Amazon CEO: Startup mentality is behind company’s success

Amazon CEO Andy Jassy said in his annual letter to shareholders that the e-commerce giant operates as world's largest startup.

Amazon CEO: Startup mentality is behind company’s success

SEATTLE — Amazon is aiming to be “Earth’s most customer-centric company,” said CEO Andy Jassy in his annual letter to shareholders.

In explaining what makes the $638 billion e-commerce company “tick,” Jassy referred to Amazon as “a Why company. We ask why and why not, constantly. It helps us deconstruct problems, get to root causes, understand blockers and unlock doors that might have previously seemed impenetrable.”

That premise has taken the company from selling books online to adding a host of categories, including home furnishings, and broadened its scope from sole seller to a marketplace for third-party merchants and smaller sellers to better offer customers a preference on selection, price and delivery speed.

Despite Amazon’s size and scope, Jassy said the company still operates like a startup, albeit the world’s largest one.
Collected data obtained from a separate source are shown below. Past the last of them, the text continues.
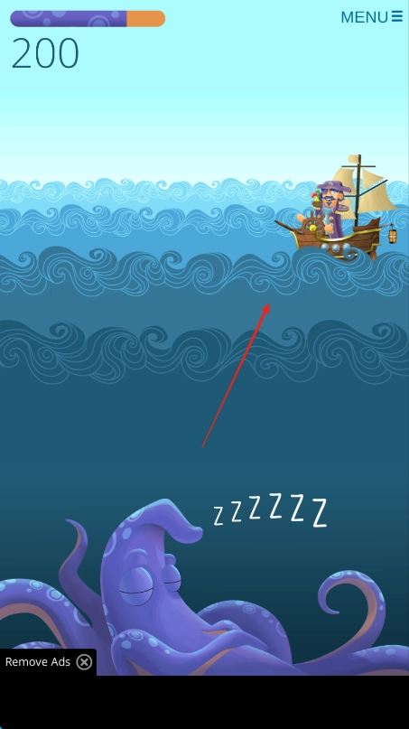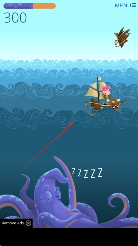 操控红色箭头标识的帆船在海面航行,途中要避开处于沉睡状态的紫色章鱼,将进度从200收集到300。
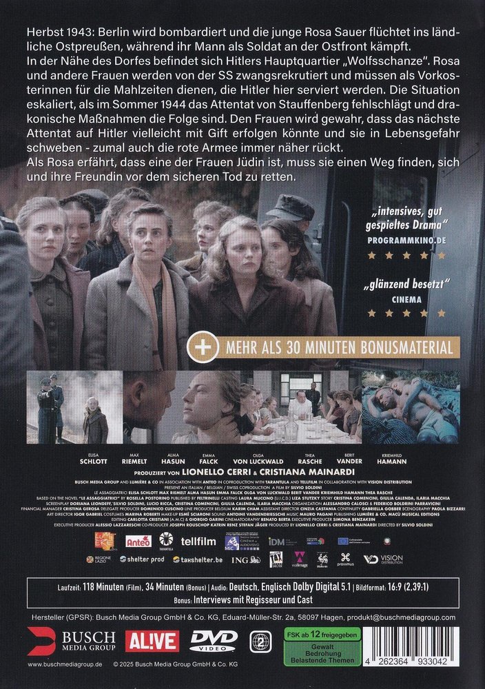 'Die Vorkosterinnen' alias 'Le assaggiatrici' (2025), ein packendes, bisher unbeleuchtetes Kapitel des Zweiten Weltkriegs, inszeniert von Regisseur Silvio Soldini ('Brot und Tulpen') mit Elisa Schlott, Alma Hasun und Max Riemelt. 'Die Vorkosterinnen' ist in Deutschland ab 29. Mai 2025 bundesweit im Kino zu erleben.
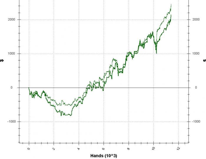 Игрок, выигрывающий около 5.75 PTBB/100, имеет 23% вероятность остаться в нуле после 10k рук. После 2,63 млн. рук можно сказать с 95% уверенностью о винрейте В практическом смысле это означает, что играть в HU наличными с винрерйтом 5 PTBB или меньше совершенно не стоит.
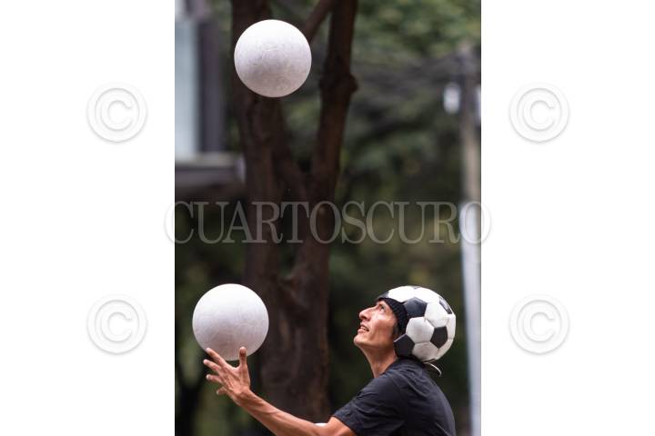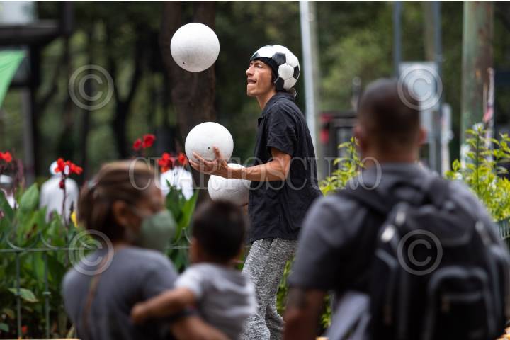 Malabarista urbano realiza su acto con tres balones a los transeúntes de la colonia Condesa.
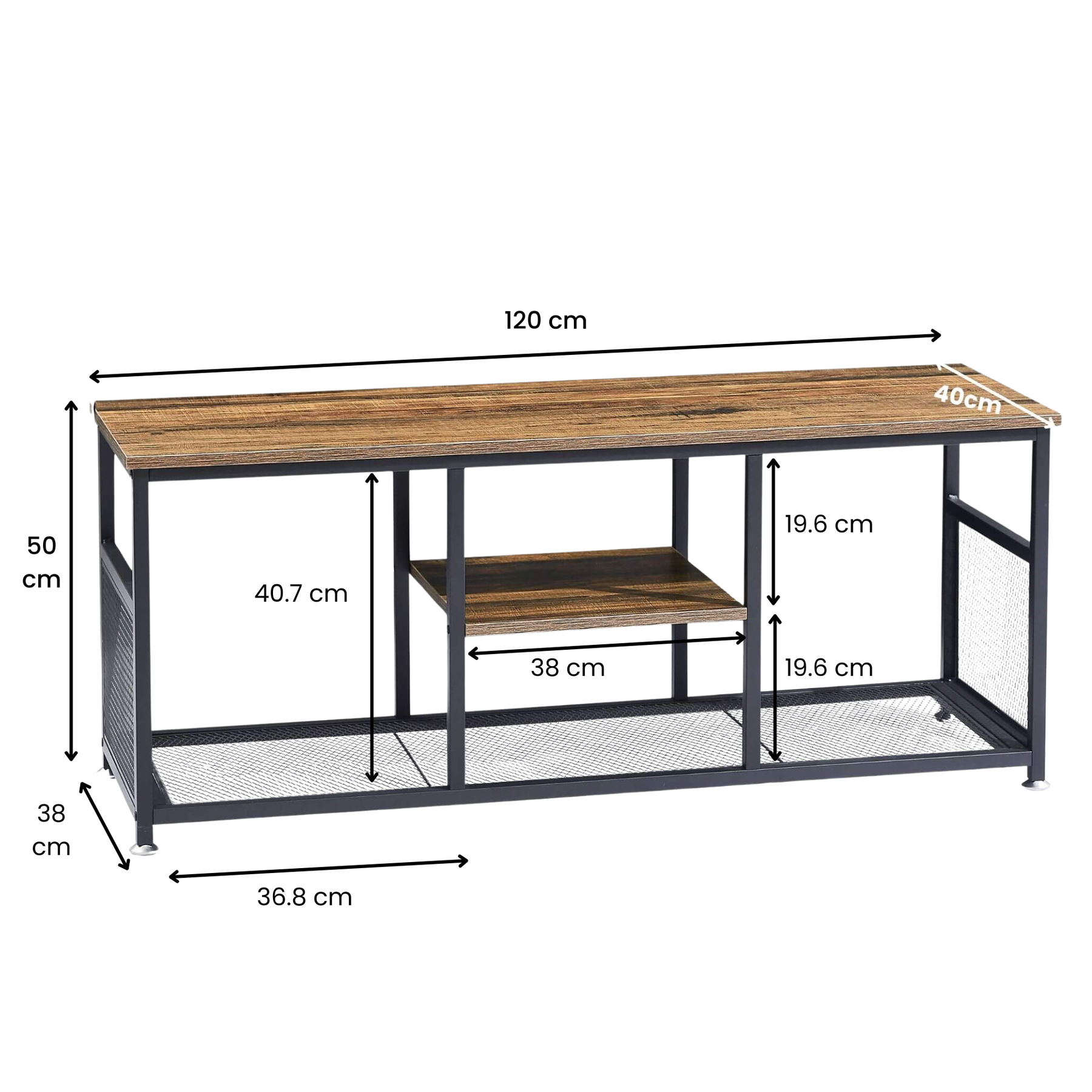 Stay organised with two mesh shelves that provide ample room for electronics, DVDs, or decorative pieces. Its smart layout keeps your space clutter-free while maintaining a sleek look.
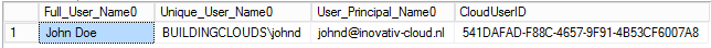 6. Now John Doe has been added to the Windows Intune we will check again his CloudUserID. This time John Doe has an CloudUserID which was synced back from Windows Intune services by the Windows intune Connector.
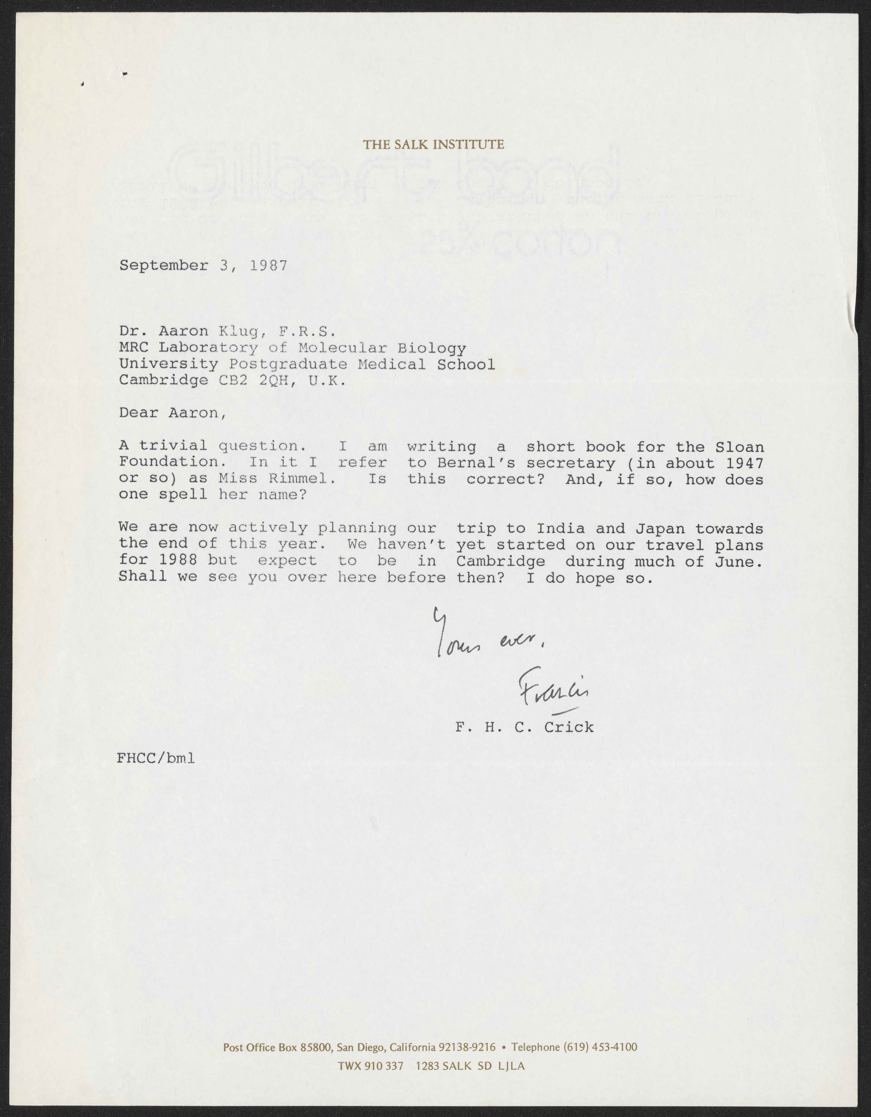 Letter from Francis Crick to Aaron Klug, September 3, 1987

What this means for the company and its approach to business is a focus on solving real customer problems with a team of builders, inventors and owners, which fosters both creativity and accountability.
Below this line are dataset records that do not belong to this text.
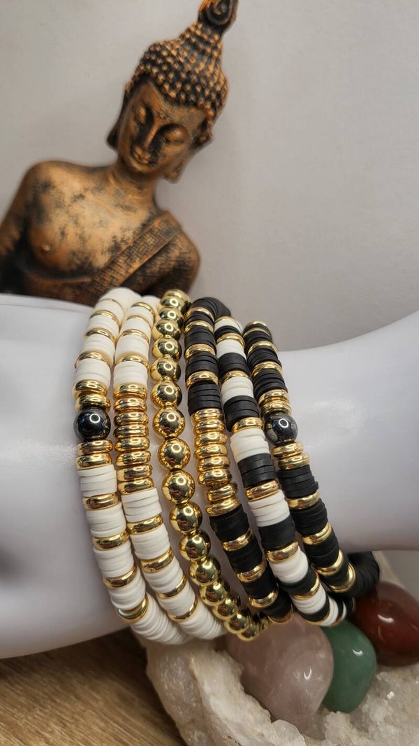 Bracelet noir en rondelle de pâte Fimo- polymère, montage sur fil élastique transparent de la marque Jewellery, agrémenté de séparateurs de perles en rondelle métal doré. Longueur fini 19cm. Posibilité d'agrandir ou diminuer à vos mesures. Contactez-nous pour plus d'informations!
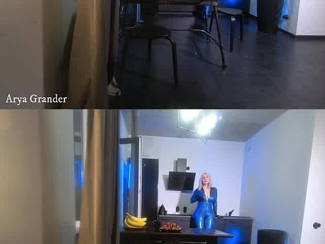 Curvy MILF in blue latex rubber catsuit, backstage camera
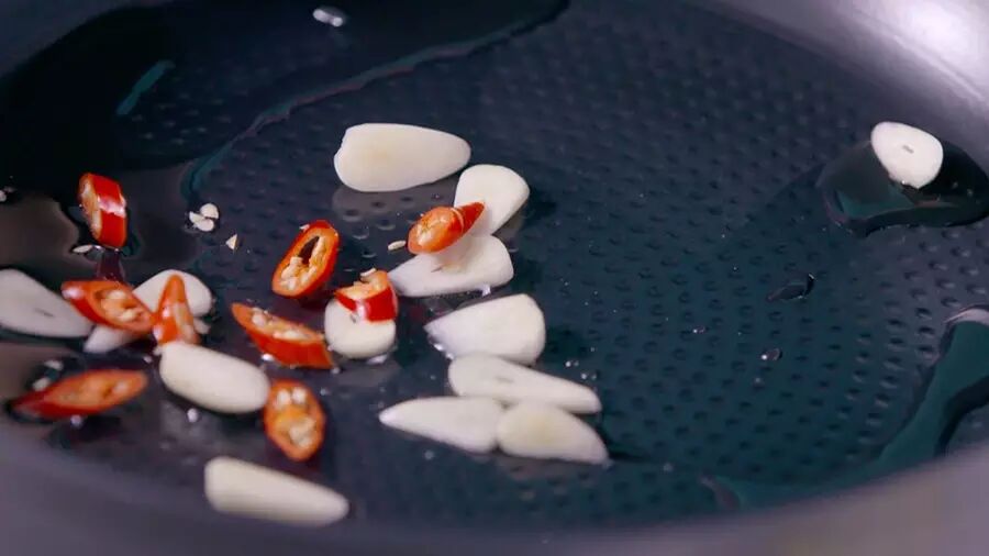 在锅里倒入一点橄榄油,加入切碎的蒜和辣椒,炒到你可以闻到香味的时候,就把蒜和辣椒沥出;
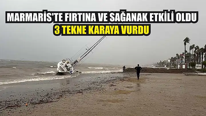 Marmaris'te etkili olan şiddetli fırtına üç yelkenliyi karaya sürüklerken, teknesi kıyıya vuran Rus vatandaşının kendi çabasıyla karaya çıkmayı başardığı öğrenildi. Etkili olan sağanak yağış ve devrilen ağaçlar nedeniyle ekipler teyakkuza geçti.
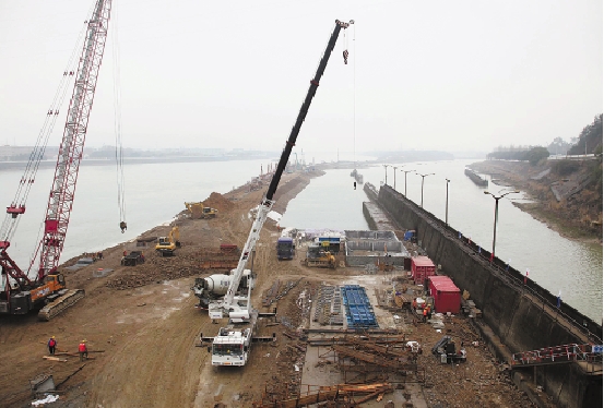昨日,富春江船闸扩建改造工程完成大江纵、横向围堰土石方填筑。 何小华 摄

Another key factor, said Jassy, is speed, which needs to be embraced by the entire company and culture.

“We have this persistent feeling, throughout the company and in every business in which we operate, that there are closing windows all around us,” Jassy wrote. “We operate in fiercely competitive market segments, with highly talented, well-funded, ambitious companies at every turn. Customers are always looking for something better. We spend a lot of time identifying how to unlock these experiences for them as quickly as possible, and know if we don’t, somebody else will.”
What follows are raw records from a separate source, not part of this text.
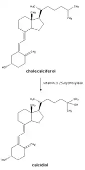 The conversion of vitamin D, especially cholecalciferol, to 25(OH)D (calcifediol) is one of the key steps in the vitamin D hormonal system. The CYP2R1 enzymatic activity achieving this process was previously thought to be constitutively expressed and stable, so that serum 25(OH)D was a measure of the supply of vitamin D.[9]
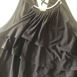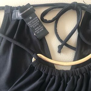 Never worn Women’s dressy pant romper with ruffle top & gold accent; elastic waist
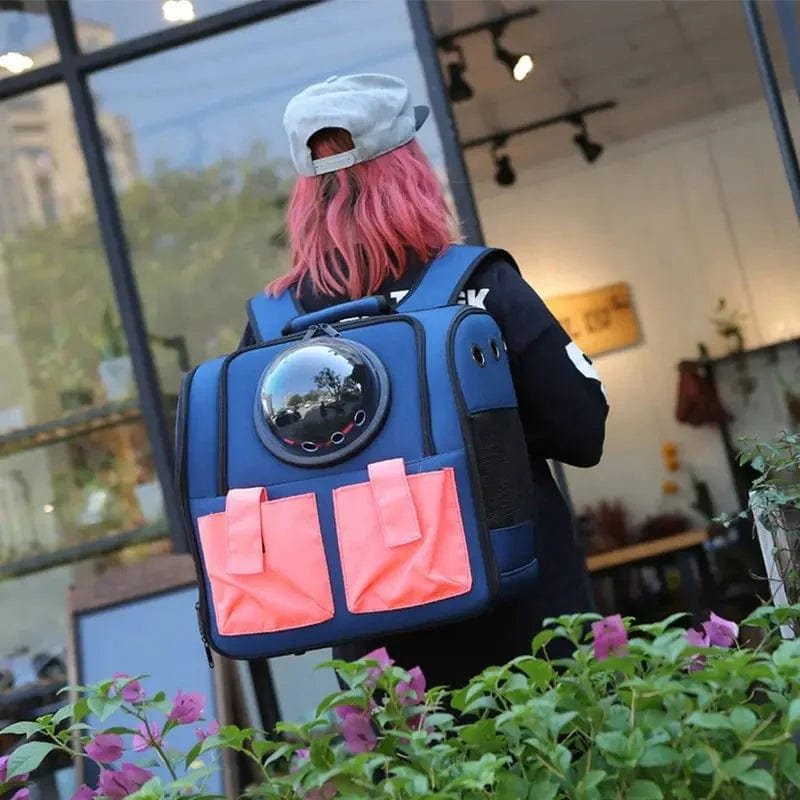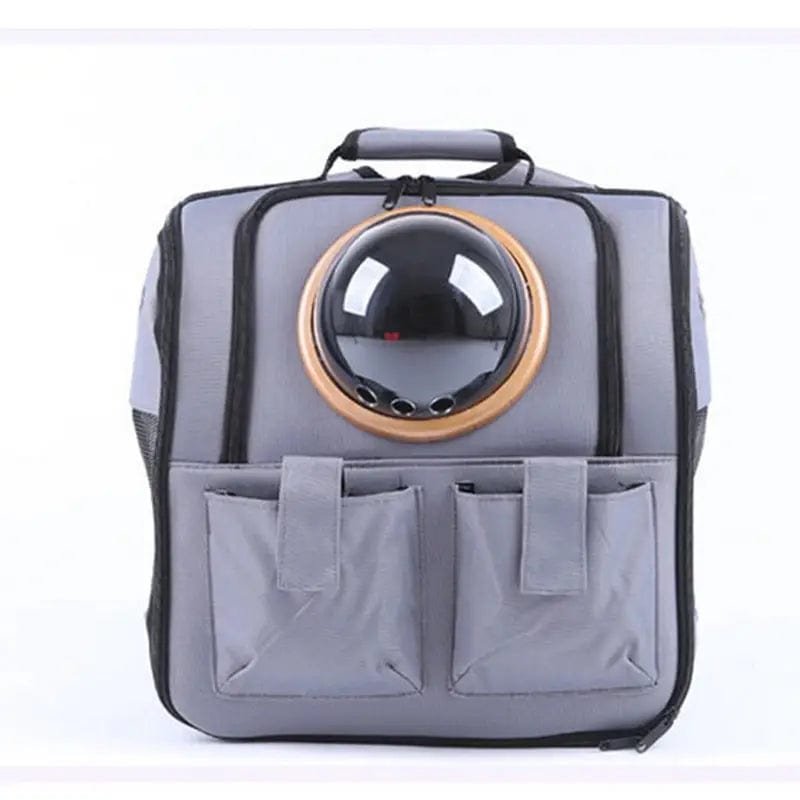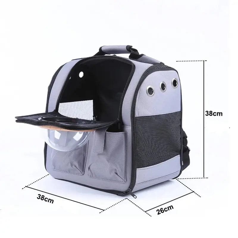 Denna ryggsäck för katttransport är den perfekta lösningen för att ta med din katt på resor eller utflykter. Den är utrustad med ett halvsfäriskt bubbelfönster, vilket ger din katt en trygg utsikt. Tack vare ventilationshål och nätpaneler får din katt alltid frisk luft. De flerväggiga fickorna ger extra förvaring för godsaker eller tillbehör. Ryggsäcken har bekväma axelremmar och ett robust handtag, vilket gör den enkel att bära på olika sätt. Perfekt för veterinärbesök, resor och promenader!

Other characteristics in the start-up model, he said, are eliminate bureaucracy, be scrappy, take risks and “care about delivering compelling results for customers.”

Jassy also addressed the next generation of Whys for Amazon, including its focus on artificial intelligence. “Generative AI is going to reinvent virtually every customer experience we know and enable altogether new ones about which we’ve only fantasized,” he wrote.

He said there are more than 1,000 GenAI applications being built across Amazon designed to change customer experiences in everything from shopping to video and music to healthcare.

Amazon is also addressing “whys” around personal assistants, speedy delivery and broadband connectivity, he noted.

As to his own personal why of what has kept him at Amazon for 28 years, Jassy wrote: “I’m obviously a Superfan, but there are several compelling parts to working at Amazon. First, I’m not sure that any company prioritizes customers as relentlessly as we do. Lots of companies say they will; few follow through.

“Second, it’s challenging to find a company where you can make a bigger impact on the world than you can at Amazon. Third, we make significant long-term investments and bets in both inventions and people. This allows our teams to iterate on ideas and make the right long-term decisions for customers and the company.

“We operate like the world’s largest startup in large part because of our culture of Why. We don’t always get everything right, and we learn and iterate like crazy. But we’re constantly choosing to prioritize customers, delivery, invention, ownership, speed, scrappiness, curiosity and building a company that outlasts us all.”